Mit der  Freigabe des Geschäftsbetriebes  an den Schuldner in der Insolvenz kann der Insolvenzschuldner wieder eigenverantwortlich und selbstständig seinen Geschäftsbetrieb – trotz bestehenden Insolvenzverfahrens – fortführen. Wie in dem Standpunkt vom 16.03.2015 bereits erläutert, gibt es nur eine Verbindung zwischen Insolvenzverwalter und Schuldner bezogen auf diese selbstständige Tätigkeit: Die Insolvenzmasse erhält nach § 295 Abs. 2 InsO den pfändungsfreien Anteil des hypothetischen Einkommens, das der Insolvenzschuldner im Falle einer Ausübung einer abhängigen Beschäftigung erzielen würde.

Freigabe der Arztpraxis

Der Bundesgerichtshof hat es mit einem Urteil vom 18.04.2013 (IX ZR 165/12) für freiberuflich tätige Ärzte etwas komplizierter gemacht: Nach diesem Urteil lebt für die Zeitdauer bis zur Beendigung der Wohlverhaltensphase (und damit dem maximalen Zeitraum von sechs Jahren) nach einer Freigabe der Praxis die Globalabtretung der Ansprüche des Arztes wieder auf. Infolgedessen kann und wird sich die finanzierende Bank, die in der Insolvenzvorzeit Kredite zur Verfügung gestellt hat und diese mit der Abtretung abgesichert hat,  erneut an den insolventen Arzt wenden.  Umfasst von der Abtretung sind die Auszahlungsansprüche des Arztes ggü. der Kassenärztlichen Vereinigung.

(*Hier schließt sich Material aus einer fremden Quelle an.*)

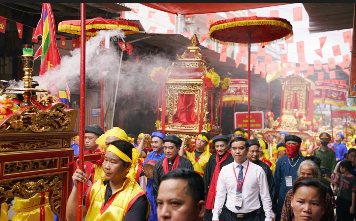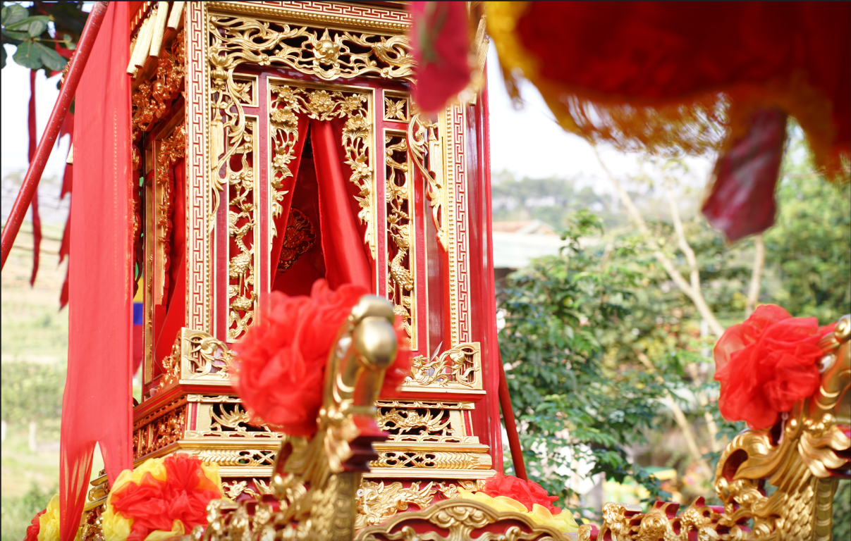 Nổi bật nhất trong đoàn rước là hai kiệu bát cống (rước quan Trần triều, rước Mẫu). Kiệu được trạm trổ kỳ công, đẹp mắt, khiêng mỗi kiệu có 8 thanh niên trai tráng khỏe khoắn

Aber bekommen Sie als Empfänger dieser Post keinen Schreck bzw. beruhigen Sie sich nach dem ersten Schrecken wieder, wenn Sie ein derartiges Schreiben Ihrer – früheren –  kreditgebenden Bank  erhalten haben. Denn in der  Verteilungsreihenfolge  Ihrer aus der (freigegebenen) Praxis erzielten Einnahmen steht das Kreditinstitut ganz hinten an.

Hintergrund dessen ist, dass die Einnahmen aus der Praxis in ihrer Summe dafür ausreichen müssen

  • die Praxiskosten zu begleichen;
  • den Lebensunterhalt im Rahmen der Pfändungsfreigrenzen nach § 850 c ZPO zu finanzieren und damit abzudecken;
  • und weil es sich bei diesem pfändungsfreien Betrag in § 850 c ZPO um ein Nettogehalt eines Angestellten handelt, muss aus dem Praxisertrag auch die Steuerlast und die Zahlungen an die Sozialversicherungsträger erbracht werden;
  • sowie die vorgenannte Obliegenheit nach § 295 Abs. 2 InsO.

Dabei muss als erste Finanzierungsquelle für diese Summe aller betrieblich und privat bedingten Zahlungspflichten die Einnahme aus der Behandlung von  Privatpatienten  genutzt werden.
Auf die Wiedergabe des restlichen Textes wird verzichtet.